There can be no greater appearance of lack of independence than that created by financial investments in the audit client. What auditor would issue a report with a "going concern" modification on the financial statement of a client in whom he has his funds invested?

Insofar as non-audited services are concerned, in a State like Arizona, I am afraid that that would have a real impact on providing audit services to businesses in our rural communities. While the Uniform Accountancy Act attempts to put additional requirements on those people performing audits, that, coupled with the SEC rule that would prohibit the provision of non-audit services, could preclude the registrant in a small farm town from providing tax services and bookkeeping services to the same client that he audits. This certainly would be a boon to the business of the aggregator and consolidator and require the CPA to make a choice as to what services he will provide. I think that some of the traditional non-audit services provided by CPA's such as tax advice should be authorized by the rule. Tax advice is an exception but as pointed out, advocacy is not. That, in the tax arena might not make much sense.

These previous statements are again based upon my feeling that if the SEC rule is adopted with prohibitions on the provision of non-audit services to the audit client, then this rule will eventually "trickle down" and ultimately apply to what I call the general practitioner in the rural areas.

In conclusion then I believe Auditor Independence, in both fact and appearance, is vital to maintaining the integrity of the audit. Your proposed rules are a step in that direction. However, with any new rule, come objections.

In my opinion, the rules should strive to produce better accounting and reporting, to maintain and enhance the franchise, and to assure the public regarding the integrity and independence of the auditor.

I believe that if the four rules or tests set forth in Rule 210-2-01(d) were used as a test for the soundness of the other proposed rules the public would be well served. These are: that the accountant cannot have a mutual or conflicting interest with the audit client; that the accountant cannot audit his or her own work (or that of his/her own firm); that the accountant cannot function as management or as an employee of the audit client; and, the accountant cannot act as an advocate for the audit client (with perhaps an exception in the tax arena).

Thank you for your consideration of these comments.





BIOGRAPHICAL SKETCH OF
WILLIAM D. BAKER, ESQ.

William D. Baker is the founding president of the law firm of Ellis & Baker, P.C., a Professional Corporation in Phoenix, Arizona. He has represented special purpose districts and public service corporations throughout Arizona in matters before federal and state administrative and regulatory agencies and in the courts, including territorial disputes, rate cases, financing and Central Arizona Project water matters. He represented agricultural financing corporations for over 30 years as well as industrial development corporations and the issuance of their bonds to finance various projects.
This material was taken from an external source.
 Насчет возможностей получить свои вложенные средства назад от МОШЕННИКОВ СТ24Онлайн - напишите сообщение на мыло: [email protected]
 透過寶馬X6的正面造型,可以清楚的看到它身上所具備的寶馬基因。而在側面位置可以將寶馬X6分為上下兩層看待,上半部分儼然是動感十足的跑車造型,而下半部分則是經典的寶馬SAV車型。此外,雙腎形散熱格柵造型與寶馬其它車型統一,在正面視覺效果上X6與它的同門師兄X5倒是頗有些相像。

He specializes in the practice of water-related law and issues and special district law and issues, including election law and municipal finance. He represented the two Arizona irrigation districts, which filed Chapter 9 bankruptcy.

Mr. Baker received his A.B. from Colgate University, Hamilton, New York and his J.D. from the Boalt School of Law at the University of California, Berkeley.
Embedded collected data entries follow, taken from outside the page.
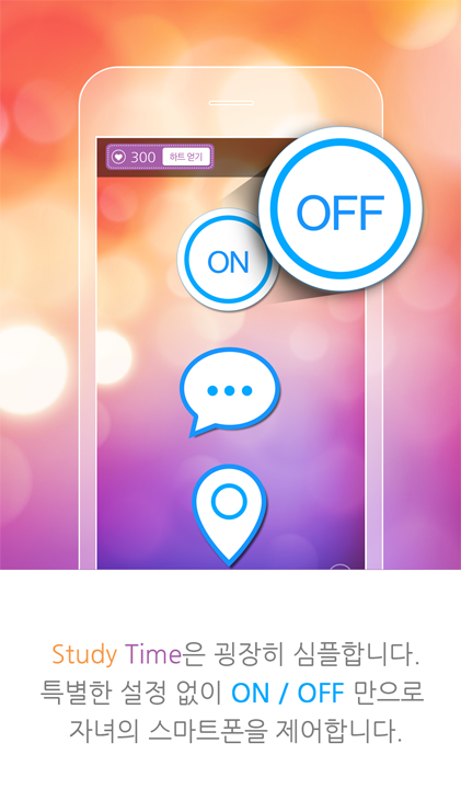 스터디타임은 세상에서 가장 사용하기 쉬운 청소년 스마트폰 중독 방지를 위한 앱입니다. ON/OFF하나의 버튼으로 자녀의 스마트폰의 사용을 제어해보세요.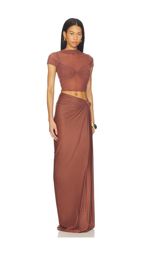 DEME BY GABRIELLA DOVE DRESS IN BROWN.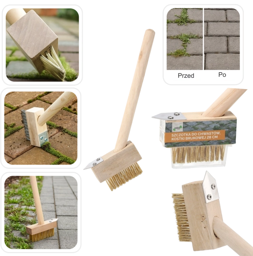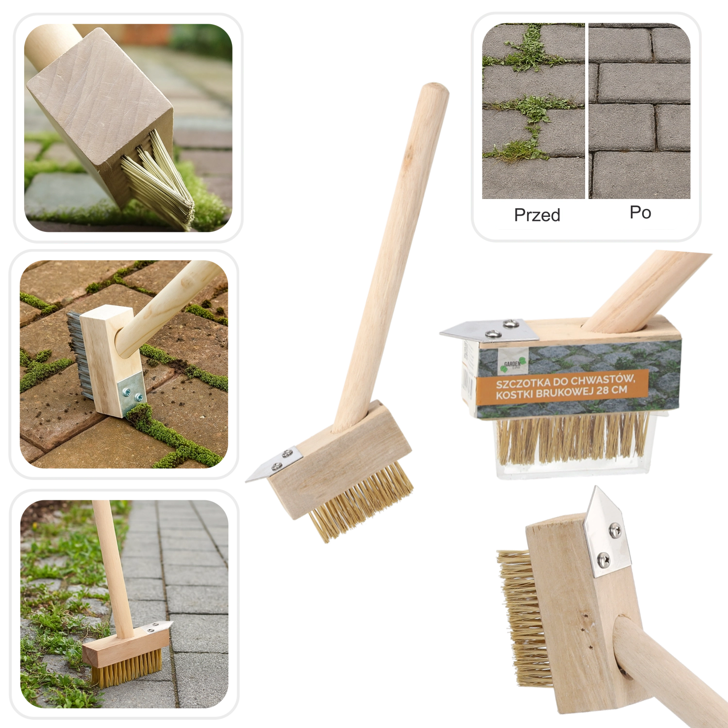 Kompaktní a odolný kartáč na plevel a spáry dlažby s délkou 28 cm účinně čistí mezery mezi dlažebními kostkami a chodníkovými deskami. Kombinuje pevné kovové štětiny se stírací ocelovou hranou pro odstranění mechu, trávy i zarostlých nečistot. Díky ergonomickému dřevěnému držadlu se pohodlně používá a usnadní pravidelnou údržbu terasy, chodníků i příjezdových cest.

He is licensed to practice before the U.S. Supreme Court and in the State of Arizona and is an inactive member of the State Bar of California. He has authored several articles for professional journals.

Mr. Baker was appointed by the Governor of the State of Arizona to serve as a public member of the State Board of Accountancy in 1995 and was reappointed by the Governor to an additional five-year term as a public board member. He has served as Secretary and Treasurer of the State Board and is currently serving as President of the Arizona State Board of Accountancy.

He resides in Phoenix, Arizona. Mr. Baker has been and is involved in many state and local community and civic organizations. He is listed in the Who's Who in America and Who's who in Law.